La jeune femme se mordit l’intérieur de la lèvre en voyant qu’elle avait été médisante. Le bellâtre l’attendait adossé sur sa Twingo, dans la pénombre d’un réverbère fatigué. Il vint à sa rencontre pour récupérer son sac. Hélèna aurait voulu lui jeter au visage et hurler qu’il n’était qu’un menteur, lui demander s’il s’était bien amusé avec l’autre pétasse, faire une scène sur ce parking désert, mais elle serra les dents.

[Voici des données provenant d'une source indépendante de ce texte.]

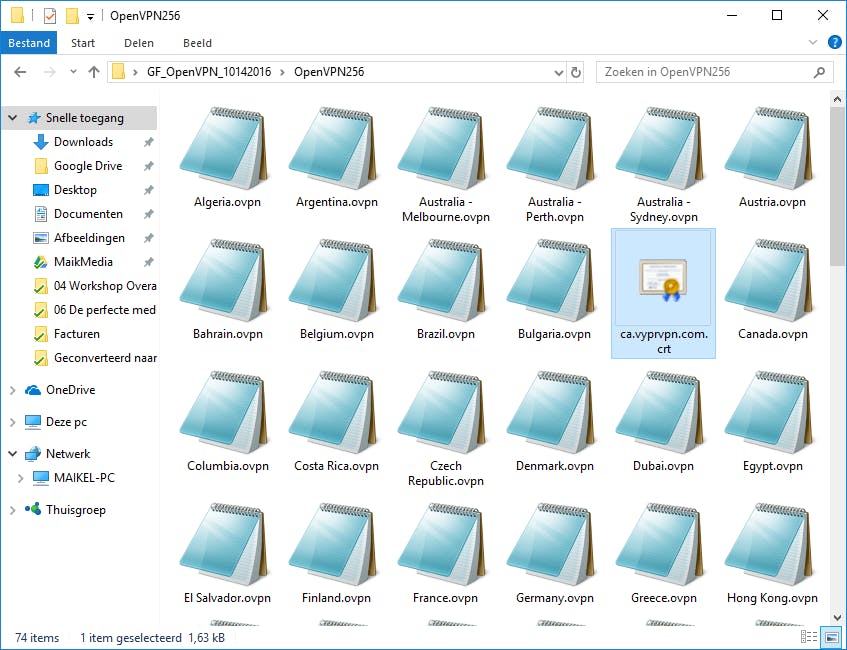 Voor het instellen van een vpn-verbinding gebruiken we de gratis software OpenVPN. Je dient hiervoor een apart configuratiebestand bij de vpn-dienst op te halen, namelijk een zogeheten ovpn-bestand. De meeste vpn-aanbieders hebben een aparte webpagina ingericht waar je een ziparchief kunt downloaden, waaronder VyprVPN. Na het uitpakken van dit zip-archief staan er vaak twee mappen voor je klaar. Hierbij heb je de keuze tussen 160bit- en 256bit-encryptie. Laatstgenoemde versleutelingsmethode is de veiligste optie. Open de map en je ziet dat er meerdere ovpn-bestanden voor verschillende landen beschikbaar zijn. Sommige vpn-aanbieders hebben als alternatief een online assistent waarmee je het gewenste ovpn-bestand kunt genereren, zoals CyberGhost.

Elle était là pour bosser, il fallait qu’elle reste professionnelle.

Ils échangèrent quelques politesses puis montèrent dans la voiture.

Durant le trajet, Éric, qui semblait presque jovial, posait des questions à la jeune femme, essayait de faire la conversation. Elle, ne répondait que par monosyllabe, voire par un simple son entre le grognement et le raclement de gorge.

« Quelque chose ne va pas ? demanda finalement le sportif.

— Je suis fatiguée par le voyage, mentit Hélèna.

— Tu as faim, peut-être ? Tu veux que je te prépare un truc vite fait, au chalet ?

— Non merci, ça ira. J’ai mangé un sandwich sur le trajet. »

 

Une fois au chalet, elle lui annonça aller directement se coucher pour être en forme le lendemain. Elle espérait que ce serait vraiment le cas.

« Quel est le programme ? s’enquit-elle juste avant de monter.

— Danny a beaucoup aimé les photos sur la paroi, il voudrait qu’on en fasse plus du genre. Comme demain, il est prévu du beau temps toute la journée, je pensais aller un peu plus loin, si tu te sens de marcher un peu. Je connais un joli spot avec un joli panorama derrière. Je suis sûr que ça rendra super bien.

— Comme tu veux », répondit simplement Hélèna, d’un ton morne, espérant que le « je m’en fous » en sous-texte ne fut pas trop flagrant.

« Après, si tu ne te sens pas bien, on peut faire ça mardi ou mercredi et faire une journée plus cool, demain, plutôt.

— On verra demain matin, si tu veux bien. Bonne nuit. »

La photographe monta les escaliers sans laisser le temps à Éric de répondre.

 

Était-ce la fatigue ou la quiétude du lieu, elle ne savait pas, mais cette nuit fut plus reposante. Elle la fit d’une traite.

Assise dans son lit, peinant à se motiver de se lever, Hélèna fut reprise de ce sentiment d’oppression en repensant à Éric. Elle avait envie de lui crier dessus, pour lui jeter au visage tout le mal qu’elle pensait de lui et, dans le même temps, elle voulait se blottir au creux de ses bras pour qu’il la réconforte. La jeune femme s’étala dans son lit et enfouit son visage sous un oreiller. Elle avait l’impression de revenir en pleine adolescence.

On frappa à sa porte.

« Hélèna ? appela le grimpeur. Vous êtes levée ? Le petit-déjeuner est servi. Il faudrait qu’on parte d’ici une heure max.

— J’arrive ! répondit-elle, n’arrivant pas à insuffler dans ces simples mots toute la colère qui grondait en elle. »

Vingt minutes plus tard, la jeune femme, lavée, habillée, équipée, descendait dans la salle commune pour prendre son petit-déjeuner avant de reprendre son travail. Elle ne savait si c’était la nuit, la douche, le soleil à l’extérieur ou quoi, mais elle se sentait finalement d’attaque pour une grande marche, prête à faire de belles photos et à profiter d’Éric. Peut-être arriverait-elle à se rapprocher de lui plutôt que de lui reprocher une soirée sans elle.

Son enthousiasme retomba comme un soufflé quand elle vit, attablée au comptoir de la cuisine, en train de siroter un verre de jus d’orange et de rire avec Éric, Lisa.